- _Work request_
Give again, word for word, the lines below that run from the line with "Youthful, vintage glossy" through the line with "71. Install the". Drop the pictures.

--- Record set Enclosed Below ---

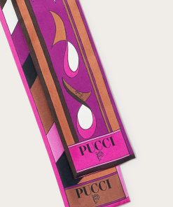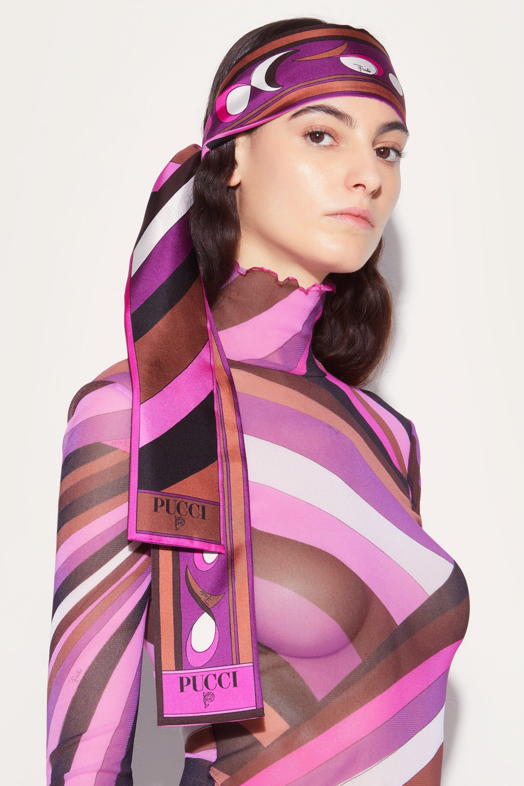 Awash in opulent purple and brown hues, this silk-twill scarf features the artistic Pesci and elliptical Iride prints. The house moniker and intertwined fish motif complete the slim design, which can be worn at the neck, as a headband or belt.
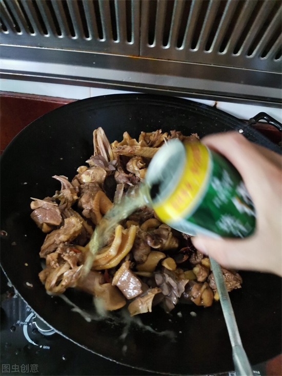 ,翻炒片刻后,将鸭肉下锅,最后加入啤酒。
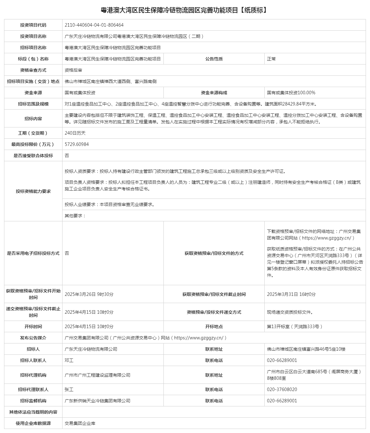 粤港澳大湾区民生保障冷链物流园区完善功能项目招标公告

--- End of Enclosed Record set ---
--- Record set Enclosed Below ---

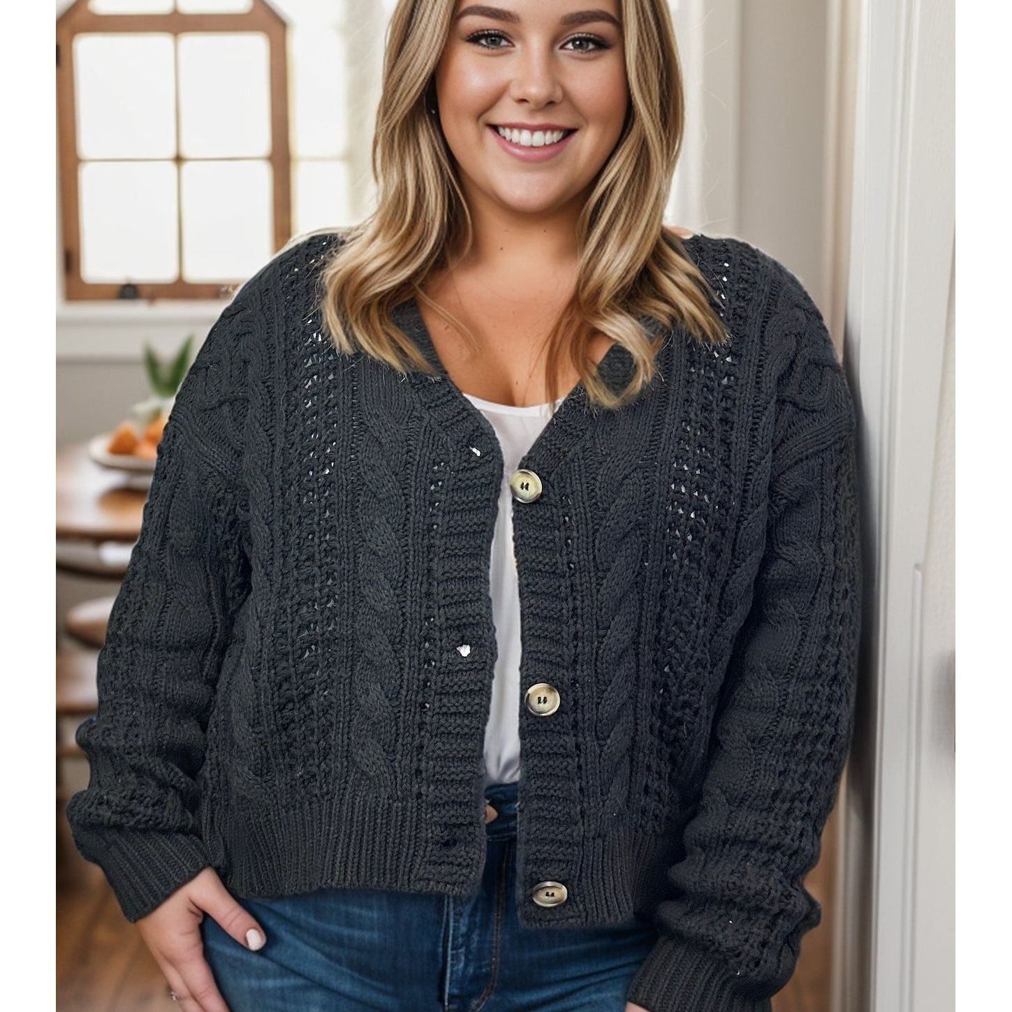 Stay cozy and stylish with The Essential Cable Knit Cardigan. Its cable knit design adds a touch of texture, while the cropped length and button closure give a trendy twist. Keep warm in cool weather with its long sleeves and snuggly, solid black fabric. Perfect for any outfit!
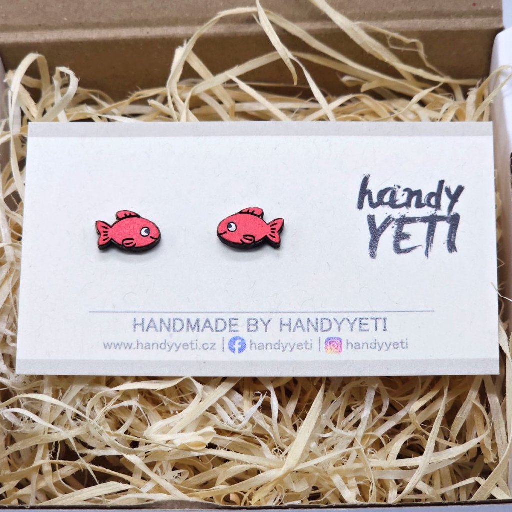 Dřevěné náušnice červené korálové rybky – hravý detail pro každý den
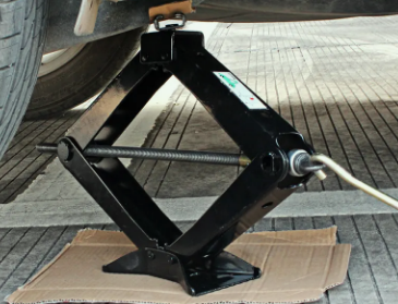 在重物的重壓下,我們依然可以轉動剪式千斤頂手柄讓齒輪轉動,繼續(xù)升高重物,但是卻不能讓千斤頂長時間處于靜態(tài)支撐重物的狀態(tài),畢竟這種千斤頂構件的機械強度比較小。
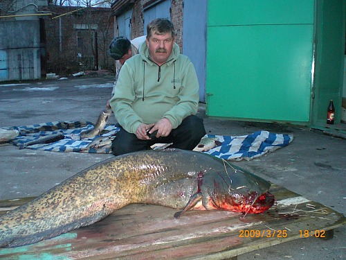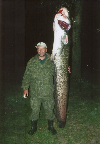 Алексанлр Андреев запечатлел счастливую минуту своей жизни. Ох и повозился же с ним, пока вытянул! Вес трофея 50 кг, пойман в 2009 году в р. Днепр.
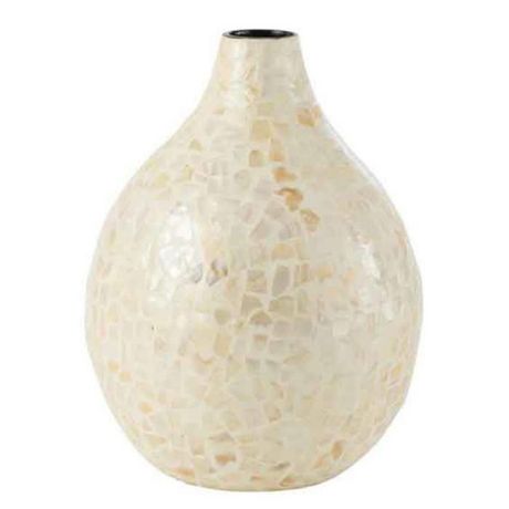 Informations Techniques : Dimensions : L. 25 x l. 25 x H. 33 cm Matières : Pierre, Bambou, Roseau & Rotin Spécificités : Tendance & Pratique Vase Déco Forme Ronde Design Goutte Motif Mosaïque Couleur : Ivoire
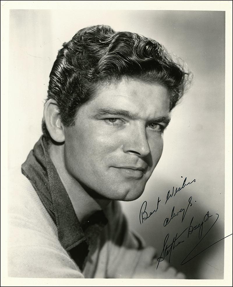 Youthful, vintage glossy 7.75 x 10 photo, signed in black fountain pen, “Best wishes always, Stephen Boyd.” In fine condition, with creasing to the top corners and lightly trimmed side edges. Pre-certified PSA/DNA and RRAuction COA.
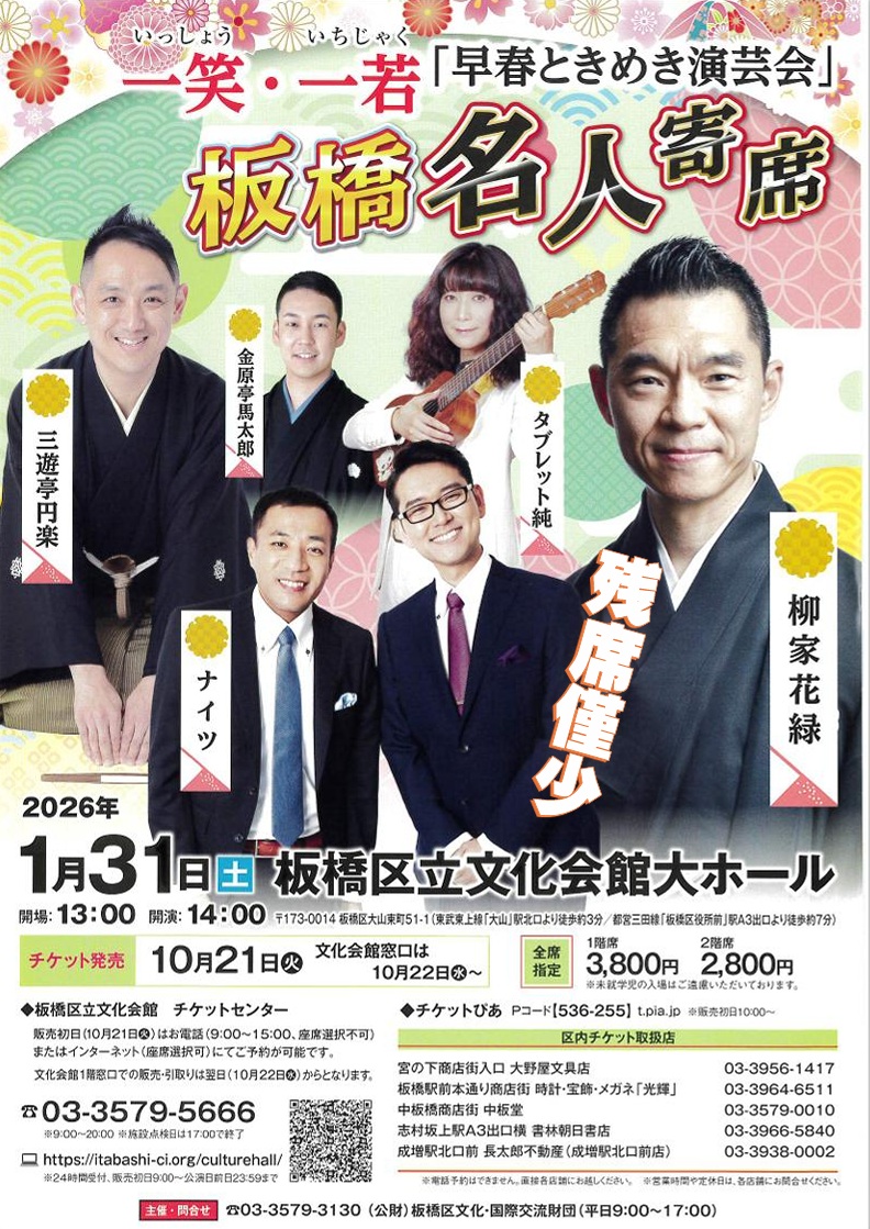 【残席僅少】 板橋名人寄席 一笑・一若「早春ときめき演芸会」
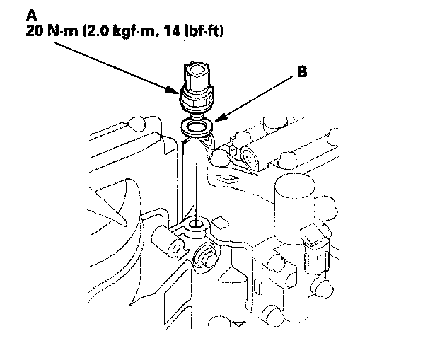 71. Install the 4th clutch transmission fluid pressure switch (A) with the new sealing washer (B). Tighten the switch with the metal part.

--- End of Enclosed Record set ---

- _Problem solution_
 Youthful, vintage glossy 7.75 x 10 photo, signed in black fountain pen, “Best wishes always, Stephen Boyd.” In fine condition, with creasing to the top corners and lightly trimmed side edges. Pre-certified PSA/DNA and RRAuction COA.
 【残席僅少】 板橋名人寄席 一笑・一若「早春ときめき演芸会」
 71. Install the 4th clutch transmission fluid pressure switch (A) with the new sealing washer (B). Tighten the switch with the metal part.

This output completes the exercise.